**Recorded data**
Segment Open
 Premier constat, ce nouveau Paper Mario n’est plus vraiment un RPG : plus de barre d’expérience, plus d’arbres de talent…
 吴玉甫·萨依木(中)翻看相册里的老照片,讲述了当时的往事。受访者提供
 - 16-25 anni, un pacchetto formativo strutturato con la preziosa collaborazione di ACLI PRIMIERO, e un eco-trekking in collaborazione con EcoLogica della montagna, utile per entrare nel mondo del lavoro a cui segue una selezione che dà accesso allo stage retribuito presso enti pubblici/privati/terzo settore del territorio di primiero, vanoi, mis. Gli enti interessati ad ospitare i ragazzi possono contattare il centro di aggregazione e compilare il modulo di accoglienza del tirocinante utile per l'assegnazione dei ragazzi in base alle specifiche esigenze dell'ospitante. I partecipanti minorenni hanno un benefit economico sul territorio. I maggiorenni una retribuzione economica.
Segment Closed
**Exercise instructions**
Retype all of the material above with every character intact.

**Exercise answer**
 Premier constat, ce nouveau Paper Mario n’est plus vraiment un RPG : plus de barre d’expérience, plus d’arbres de talent…
 吴玉甫·萨依木(中)翻看相册里的老照片,讲述了当时的往事。受访者提供
 - 16-25 anni, un pacchetto formativo strutturato con la preziosa collaborazione di ACLI PRIMIERO, e un eco-trekking in collaborazione con EcoLogica della montagna, utile per entrare nel mondo del lavoro a cui segue una selezione che dà accesso allo stage retribuito presso enti pubblici/privati/terzo settore del territorio di primiero, vanoi, mis. Gli enti interessati ad ospitare i ragazzi possono contattare il centro di aggregazione e compilare il modulo di accoglienza del tirocinante utile per l'assegnazione dei ragazzi in base alle specifiche esigenze dell'ospitante. I partecipanti minorenni hanno un benefit economico sul territorio. I maggiorenni una retribuzione economica.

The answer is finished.